■ How to complete this task: Using the listing below, give again exactly the lines from the line with "emblematische Darstellung mit" to the line with "Using a reading", inclusive, without the pictures.
_ _ _ _
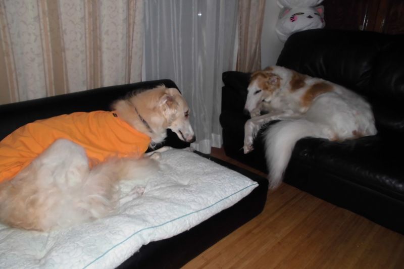 着せたらすぐにしょんぼりとソファーに倒れこむように座った
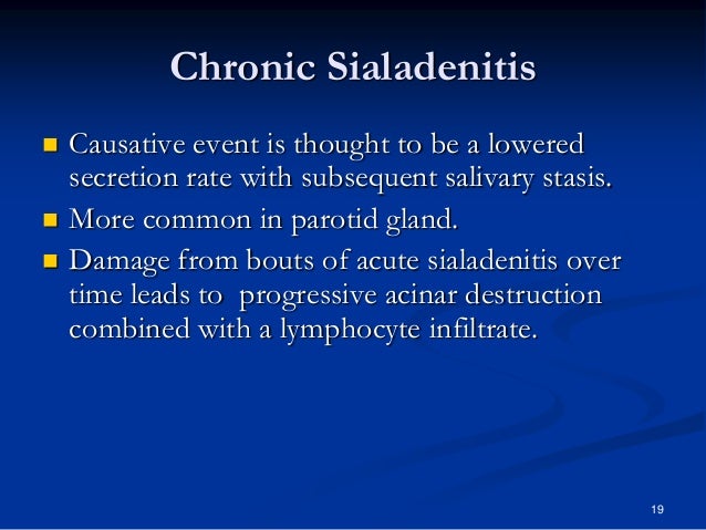 Seven patients with chronic sclerosing sialadenitis were female and 6 were male. Acute sialadenitis is most commonly caused by an ascending bacterial infection with Staphylococcus aureus or Streptococcus viridans being the most common organisms 289. Severe pain and swelling of the affected gland that comes on suddenly.
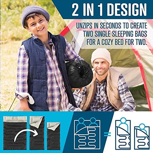Zone Tech 2 Pack Double Camping Sleeping Bag w/Pillows – 3-4 Season Lightweight Waterproof Warm & Cool Weather Adult & Kids Sleeping Bag Converts into 2 Single -Camping, Hiking, Backpacking, Outdoors
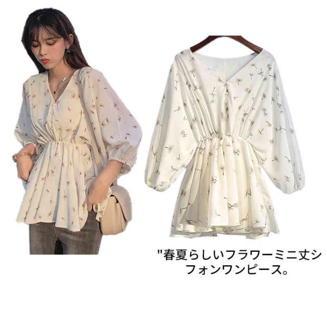 トップス レディース シフォン ミニワンピース Vネック 花柄 チュニック ゆったり Tシャツ カジュアル 春コーデ 夏コーデ 上品 きれいめ 通勤 大きいサイズ 春夏 フォーマル おしゃれ 可愛い
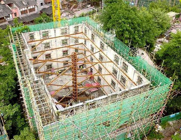 十八梯善果巷35號,剛剛經歷一場精密的“骨科手術”。建筑外墻被鋼架溫柔擁抱,內部卻在進行著脫胎換骨的改造。這不是普通的修繕,而是一次結構體系的徹底革新。
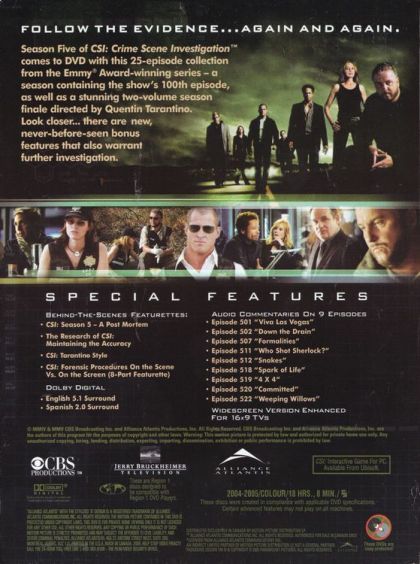 CSI is an innovative, new type of crime drama in which the characters use cutting-edge forensic tools to examine the evidence to solve the case. Rather than a 'whodunnit' cop show (investigating witnesses/suspects), CSI explores the 'howdunnit'. CSI has been the number one scripted series in the Nielsen ratings for three years running. CSI is now in its tenth amazing season.
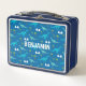 A fun and vibrant kid’s school lunch box featuring colourful dinosaurs on the front, bringing lunch time to life with T-rexes, triceratops, and more in playful hues. It includes a custom space to add the student’s name, making it easy to identify and perfect for young dino lovers!
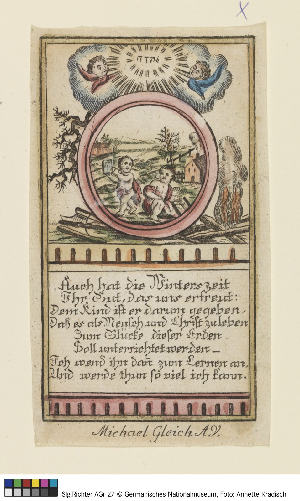 emblematische Darstellung mit zwei Jungen (Fleißbildchen)
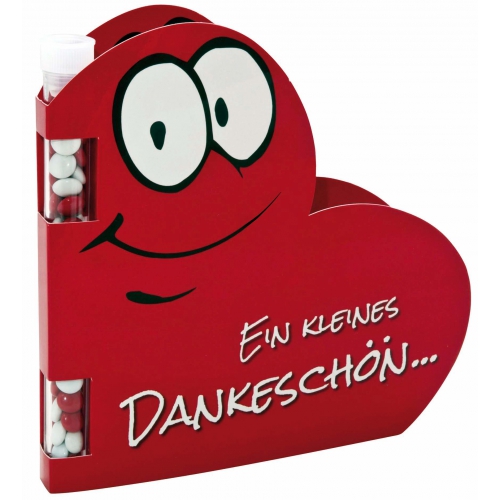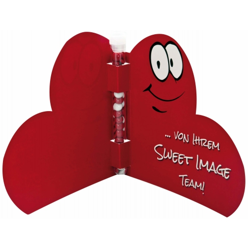 Für ein Dankeschön zum Überreichen dient diese kleine Herzkerze. Das eingebundene Kärtchen bietet Platz für den Werbeaufdruck auf dem Standardmotiv oder eine eigene Gestaltung, jeweils ab 250 Stück.
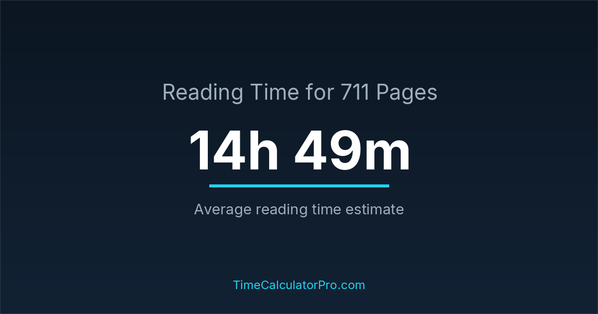 Using a reading time calculator, you can estimate that 711 pages will take around 14 hours and 49 minutes to complete.
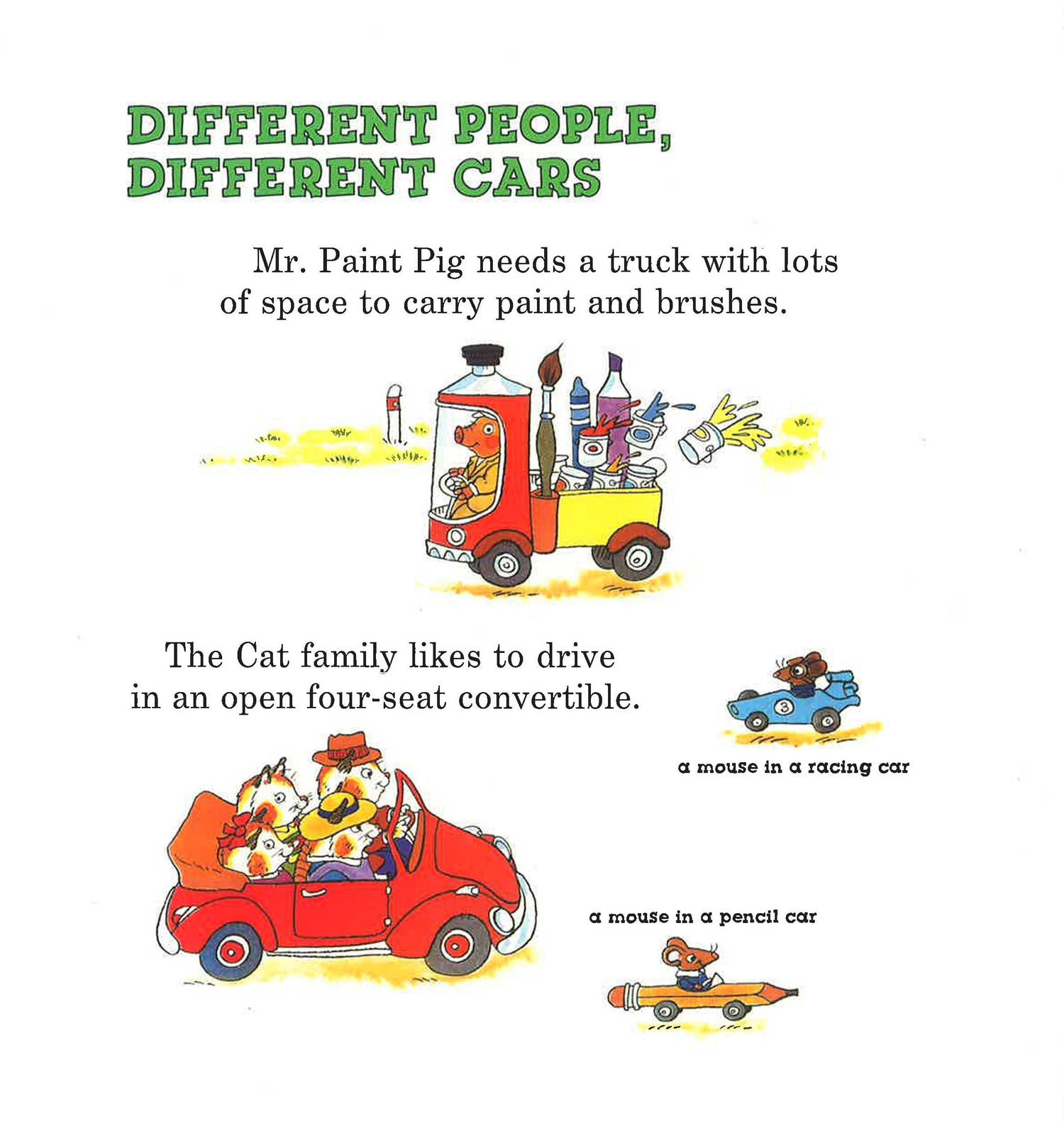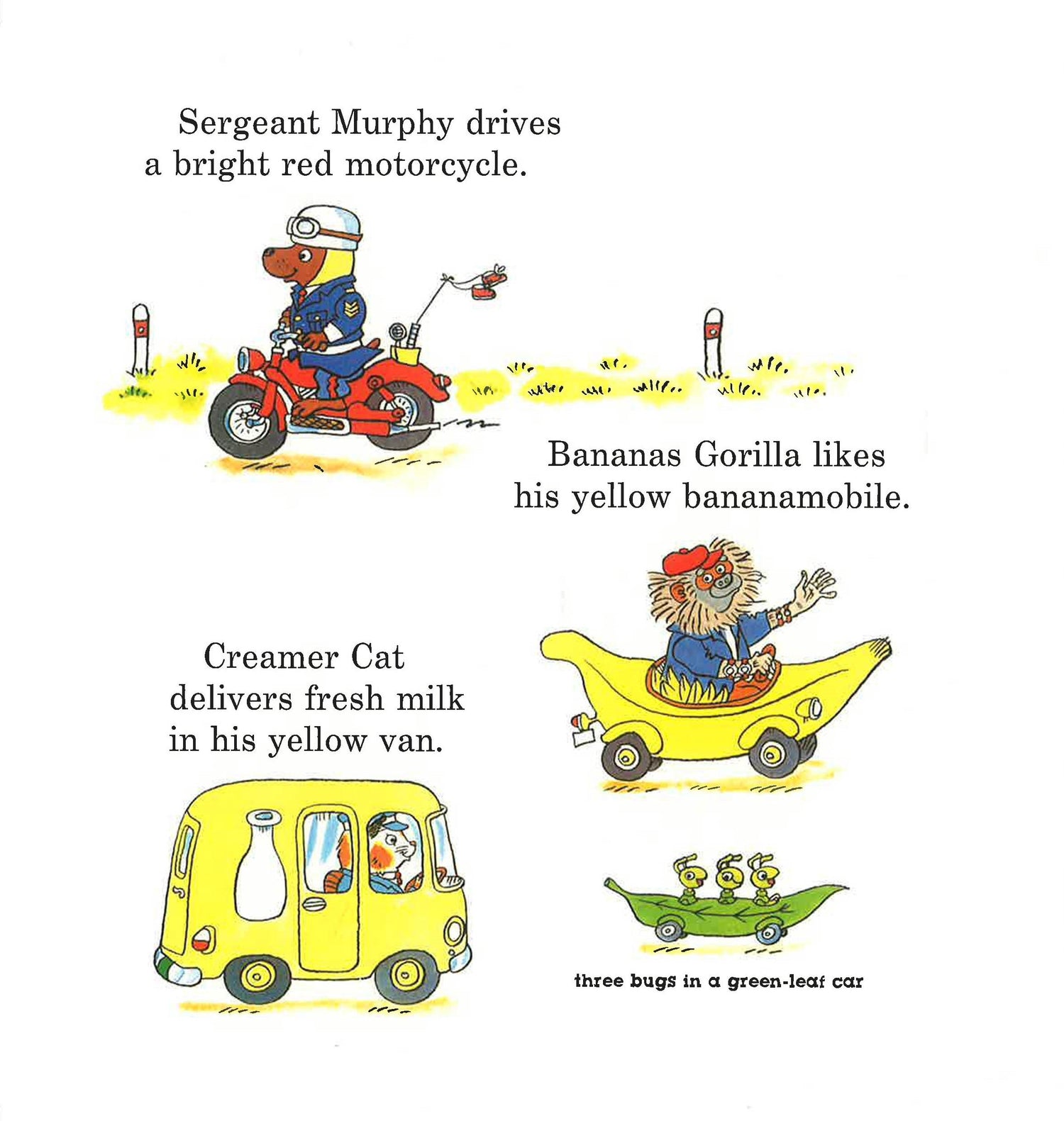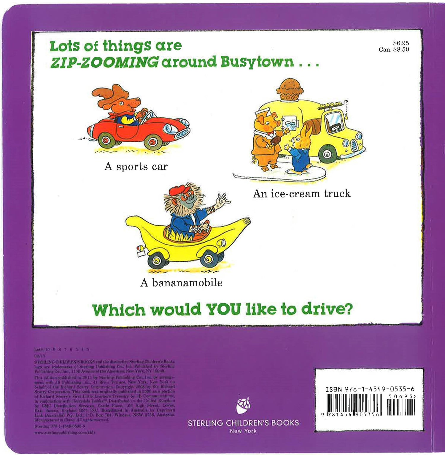 Children will love these colourful cars, trucks and cycles, including a bananamobile and 'bugdozer'. It is suitable for children aged 3 to 5 years old. Beep, beep! Honk, honk! Busytown's residents are on the go! Richard Scarry's wacky introduction to vehicles both realistic and fanciful brims with his trademark humour. Every one of these colourful cars, trucks and cycles, from the Cat family's bright red convertible and Postman Pig's mail van to Banana Gorilla's yellow bananamobile, Wilbur Rabbit's drivable hot dog and Lowly Worm's bugdozer-will delight car-loving children.
_ _ _ _
■ Answer below:
 emblematische Darstellung mit zwei Jungen (Fleißbildchen)
 Für ein Dankeschön zum Überreichen dient diese kleine Herzkerze. Das eingebundene Kärtchen bietet Platz für den Werbeaufdruck auf dem Standardmotiv oder eine eigene Gestaltung, jeweils ab 250 Stück.
 Using a reading time calculator, you can estimate that 711 pages will take around 14 hours and 49 minutes to complete.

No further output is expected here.